Let's take the probability measure $q$ induced by $Z$ as $q(A)=E(I_{A}Z)$ for any $A \in \mathcal{F}$ now define $U=E(Z|\mathcal{G})$ where $\mathcal{G}$ is a sub $\sigma$-algebra of $\mathcal{F}$
Prove that $E_q(X|\mathcal{G})=\frac{E(XZ|\mathcal{G})}{U}$ for any bounded $X$.
$\mathbf{Solution}$
By definition $E_q(X|\mathcal{G})$ is such that $E_q(E_q(X|\mathcal{G})S)=E_{q}(XS)$ for any $S$ bounded and $\mathcal{G}$ measurable. This is the same as $E(E_q(X|\mathcal{G})SZ)=E(XSZ)$.

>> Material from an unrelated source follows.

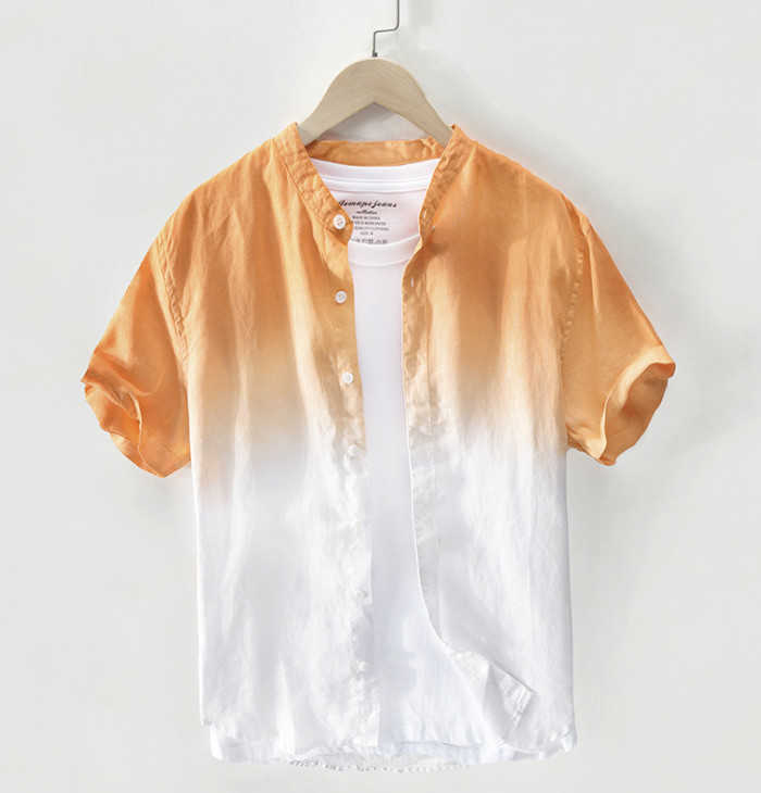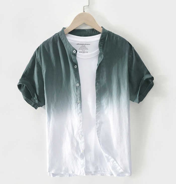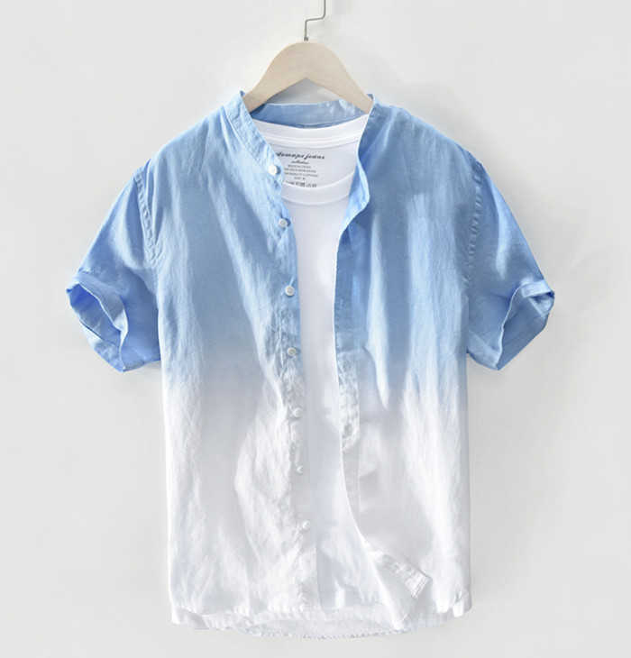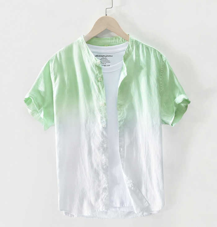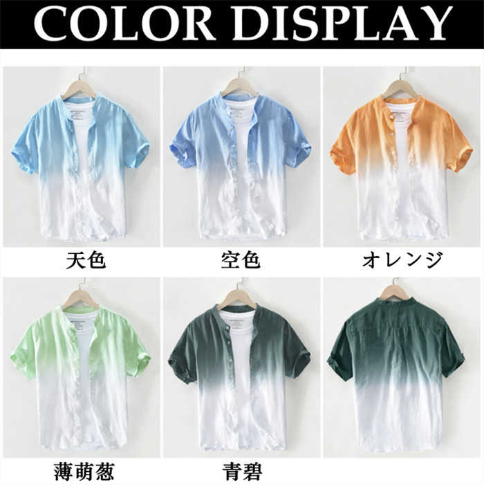 亜麻 立ち襟 半袖シャツ グラデーショ

Now by taking $XZ$ as a random variable one has $E(XSZ)=E(E(XZ|\mathcal{G})S)$
$E(E_q(X|\mathcal{G})SZ)=E(E(XZ|\mathcal{G})S)$
But now I am missing the part of $U$, anyone knows what to do from here on?
Let us first show that $Y := E_q(X|\mathcal G)$ is a.s. $p$-bounded. Let $|X|\le C$. Acually, $Y$ is defined via $\int YZS\,dp=\int XZS\,dp$, so $Y$ can be anything where $Z=0$. Let us put $Y = C/2$ on $\{Z=0\}$. Then $$ C\int_{Y\ge 2C}Z\,dp\ge\int_{Y\ge 2C}XZ\,dp = \int_{Y\ge 2C}YZ\,dp\ge 2C\int_{Y\ge 2C}Z\,dp. $$ Hence, $\int_{Y\ge 2C}Z\,dp= 0$, which implies $Z=0$ on $\{Y\ge 2C\}$. By our definition of $Y$ on $\{Z=0\}$, this is impossible, so that $p(Y\ge 2C)=0$ follows. Similarly, $p(Y\le -2C) = 0$.

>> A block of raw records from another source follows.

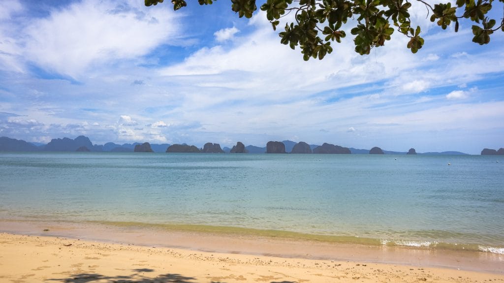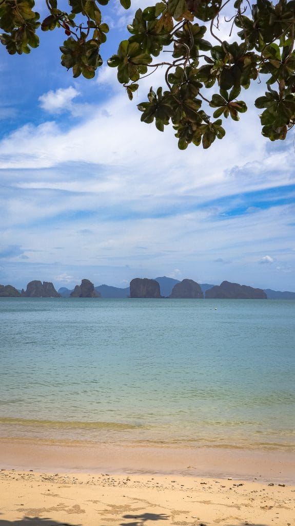 Après Khao Lak, on a embarqué pour Ko Yao Noi, une petite île encore préservée entre Phuket et Krabi. Ici, pas de grosses infrastructures : des plages sauvages, quelques bungalows face à la mer et une ambiance ultra slow. On logeait au Tha Khao Bay View Bungalow, entouré de nature, et on a exploré l’île en vélo, avec un gros coup de cœur pour la plage du Six Senses, quasiment déserte lors de notre passage. C’est l’endroit idéal pour faire une pause dans ton itinéraire, ralentir le rythme et profiter de la vue sur les rochers karstiques au loin.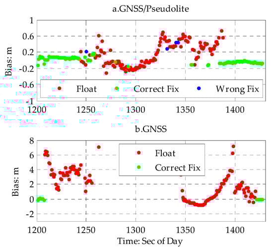 As shown in Figure 7 and Table 6 bellow, when moving from a normal urban canyon with low-density buildings, the integer ambiguity of GNSS and pseudolites can be easily fixed by having more GNSS satellite available. Due to minor occultation of the GNSS, the accuracy of the GNSS/pseudolite PPP can be better than 0.1 m with the initial integer ambiguity of GNSS and pseudolite determined. This result is consistent with that discussed above. When entering a deep urban canyon with high-density buildings with the pseudolite intimal integer ambiguity determined previously, a situation was simulated where it was assumed that there were no GNSS satellites are available due to heavy occultation of the GNSS, but the carrier phase measurement of four pseudolite could be tracked continuously. The accuracy of PPP based on these four pseudolites can be better than 0.441 m with the previously-determined initial integer ambiguity of the pseudolites under strong constraint. Afterwards, even if the ambiguity resolution fails when the ambiguity resolution validation is rejected or half cycle slip of the carrier phase occurs, the maximum height biases of PPP with only four pseudolites are not larger than 1.0 m. Otherwise, the advantage for this method is that it does not require a known point for ambiguity initialization and is very suitable for constantly moving public users in urban canyons. The larger fluctuation for pseudolite PPP and the low proportion of fixed solutions shown in Figure 7 are heavily correlated with the half cycle slip of the carrier phase of the pseudolite marked by the receiver itself, and the poor geometry distribution is due to there being less pseudolites available.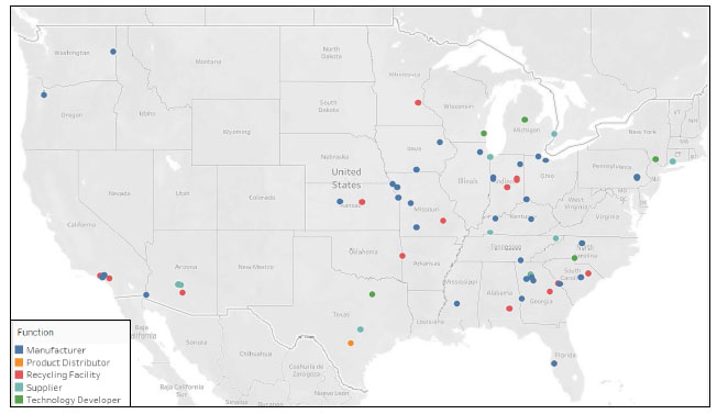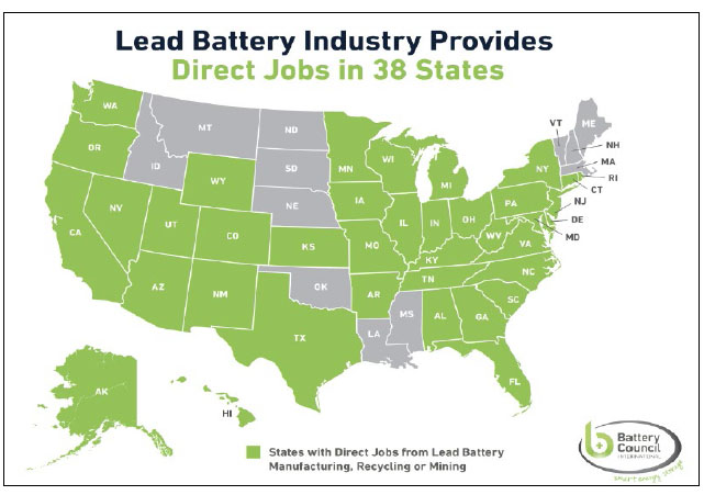 在美國,鉛酸電池行業(yè)的年產(chǎn)值為263億美元。它們在美國國內(nèi)生產(chǎn),并且99%被回收。鉛酸電池在美國18個州生產(chǎn)。此外,美國有10個州有電池回收設(shè)施,有9個州擁有技術(shù)開發(fā)設(shè)施,還有10個州的公司為鉛酸工業(yè)提供原材料(例如石墨)或設(shè)備。鉛酸電池行業(yè)已經(jīng)在美國38個州創(chuàng)造了近25,000個工作崗位(制造。回收、運輸、分配和采礦)。圖27和28分別顯示了美國電池制造設(shè)施分布和創(chuàng)造的就業(yè)機會。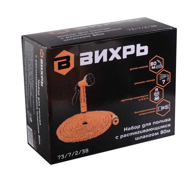 73/7/2/38 | Набор для полива с растягивающимся шлангом 80м Вихрь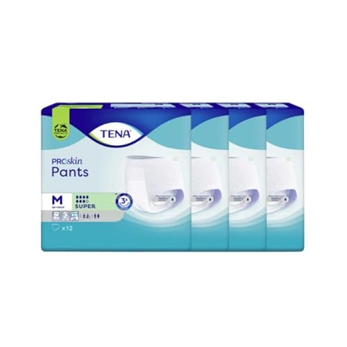 TENA Pants Super, 48 pairs of Unisex Incontinence Pants (4 x 12 packs) for Women and Men with Heavy Bladder Weakness, Medium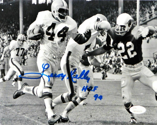 This is a hand autographed 8x10 Photo of Leroy Kelly of The Cleveland Browns. This item has a James Spence Witness Authentication, which comes with a JSA numbered sticker and a matching JSA COA. You can view this item on the SpenceLOA website and it shows when and where the item was signed. It was signed either at a public autograph appearance or a Private Signing. This is a stock photo of the item. Although you may not receive this exact item, the item you receive is virtually identical and brand new in great shape. This is a hand autographed 8x10 Photo of Leroy Kelly of The Cleveland Browns. This item has a James Spence Witness Authentication, which comes with a JSA numbered sticker and a matching JSA COA. You can view this item on the SpenceLOA website and it shows when and where the item was signed. It was signed either at a public autograph appearance or a Private Signing. This is a stock photo of the item. Although you may not receive this exact item, the item you receive is virtually identical and brand new in great shape.

Now, for all bounded $S$ we have that $E_q(YS) = E_q(XS)$, that is, $E((YZ)S) = E((XZ)S)$. The latter means that $E(XZ|\mathcal G) = ZY$. Hence, since $Y$ is bounded, $$ E(E(XZ|\mathcal G)S) = E(Z(YS)) = E(E(Z|\mathcal G)YS). $$ This implies $$ E(XZ|\mathcal G) = E(E(XZ|\mathcal G)|\mathcal G) = E(Z|\mathcal G)Y, $$ which we had to prove.